In other words, what's your concept of cost-effective? Remember that the government would be running the show.
I have worked similar issues in the past. My experience has been turned to the issue of perimeter security by my employer & customers.
1. How & What
Specific hardware and manning issues would be dependant on local circumstances:
a. Terrain
b. Illegal alien activity
c. et cetera
More generally, you would have a mix of complementary sensors & sensor types (video, II, IR, RF, audio, seismic, magnetic, etc), sensor platforms (stationary, UAV, ground mobile, etc), a commo (data, voice, images, video) network (directional & omnidirectional), processing HW & SW to chew on sensor feeds (to include a good user interface), and personnel trained to take advantage of the equipment. The development of new concepts of operation to fully utilize the system is paramount. The answer to every problem is not, "throw more equipment at it!"
It is definitely NOT a bunch of cameras out in the desert with some poor schlep staring at a video wall. The average guy is good for about 20 minutes in front of a bank of sensor feeds. Afer 20 minutes, he is in la-la land & useless for preventing intruders.
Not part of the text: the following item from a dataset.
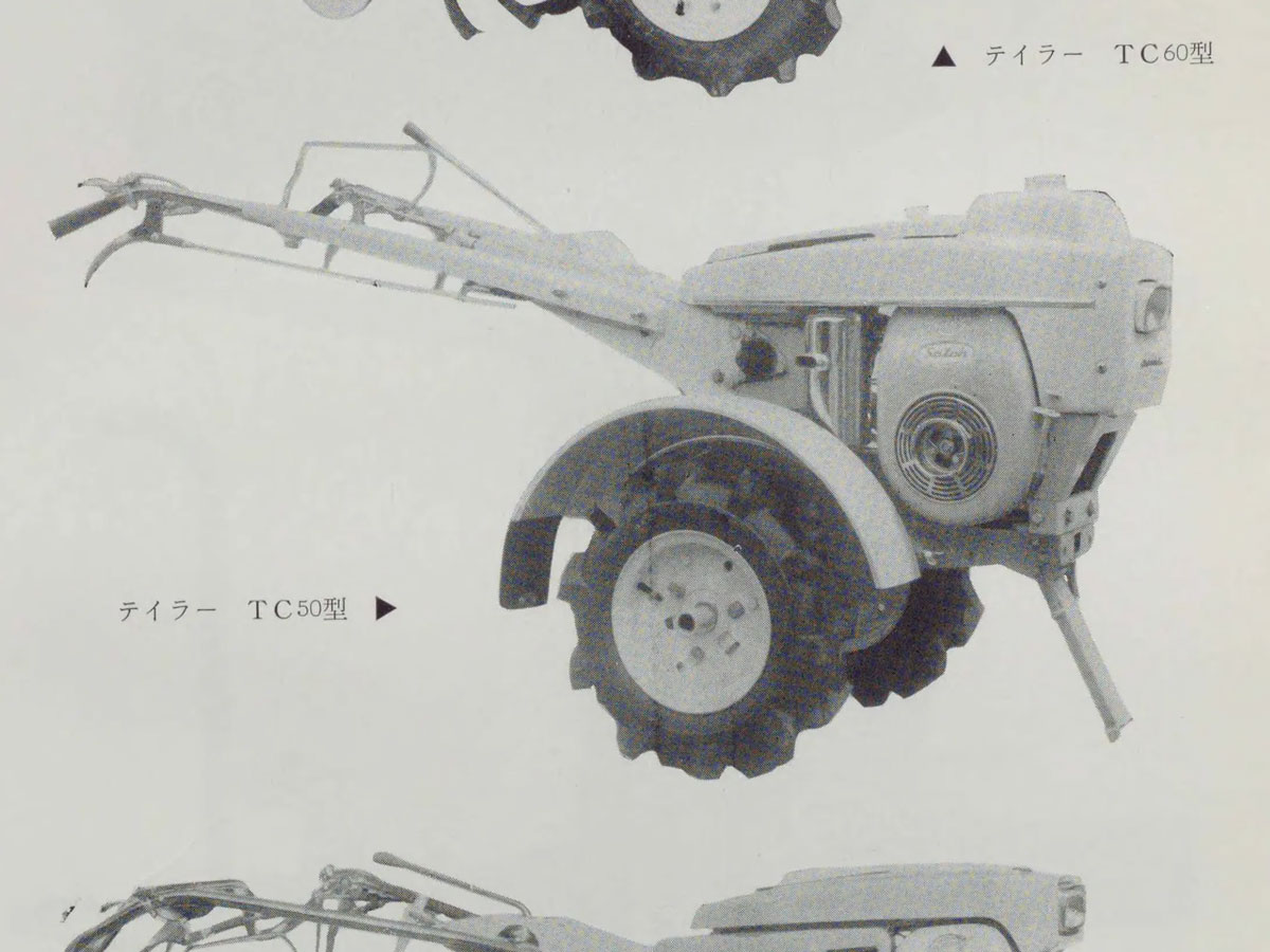 もう実機は見られないであろう運輸省型式の若い番号の古い農機を本や雑誌から探している「朝1分の農機考古学」。今朝は佐藤造機の社史「50年のあゆみ」から1962年型式認定サトー式TC50です。実は農300番台近辺は資料がすっぽり抜け落ちていて、写真が見つかっても番号の確定がとても難しいのでした。

In some places, fencing might be part of the answer so as to slow down the infiltrators & give the responders enough time/space to deal with them. This is dependant on local conditions.
NOTE: no mines are involved. We're not talking about stopping the Nork horde from invading.
2. Costs
Finesse-ing the answer:
Other countries with terrain as/more difficult as the US borders are doing this...though they have fewer resources than the USA.
A better answer:
a. COTS
Using COTS and not re-inventing the wheel (as so many gov't beauracracies do) is a savior.
(The following exmples are not "THE" solution, just examples of how something could be done on the cheap & why it can be done without breaking the bank.)
Sensors
Thermal sights have fallen in cost dramatically, as have image intensifiers.
Processing Power
Moore's Law to the rescue. No longer do we need a supercomputer to crunch the data, as a rack full of COTS PCs can do that handily.
Commo
Processing power helps here, too.
Fusing the voluminous data input into the system and developing a perceived reality is a job for software.
Food for thought: last year the record for transmission of an 802.11b/g signal (WiFi/Airport) was around 40-50
miles. Unamplified. Using a directional antenna, of course. But that is a pretty fat wireless pipe down which to send data. Also, remember that every sensor or platform is also a transmitter/receiever.
b. Modeling & Analysis
Heavy use of modeling & automation to optimize sensor mix/placement/platform given the terrain as well as modeling of commo...all hooked into a costing model can give a rough order of magnitude. The better the input data (terrain, sensor models, hardware costs, etc), the better the output data. Also, input from guys on the ground is invaluable for a reality check.
The analysis does not stop at deployment. All these sensors are going to generate lots of data that can be analyzed to see where the holes are, where the infiltrators go when pressured, what tactics worked, which did not, etc.
The multi-tiered system you alluded to has elements that make much more sense than: Let's build a fence! I don't have too much faith in static defenses or barriers.
Agreed. Static barriers have their place, but as a part of the system, not as the totality of the system.
[FWIW, I built a fence for my German Shorthaired Pointers and the female still managed to tunnel* underneath. A hot wire 4"-6" off the ground ought to give enough standoff to prevent tunnelling* under the fence.]
* I do mean "tunnel." I built the wooden fence with horizontal boards that go from 4"-6" into the ground.
Don't get me wrong. I've got no problem with securing the borders. But since I'm planning on moving close to the border; some folks' suggestions get my back up. Minefields...sheesh!
I think most are joking about the mines...I hope!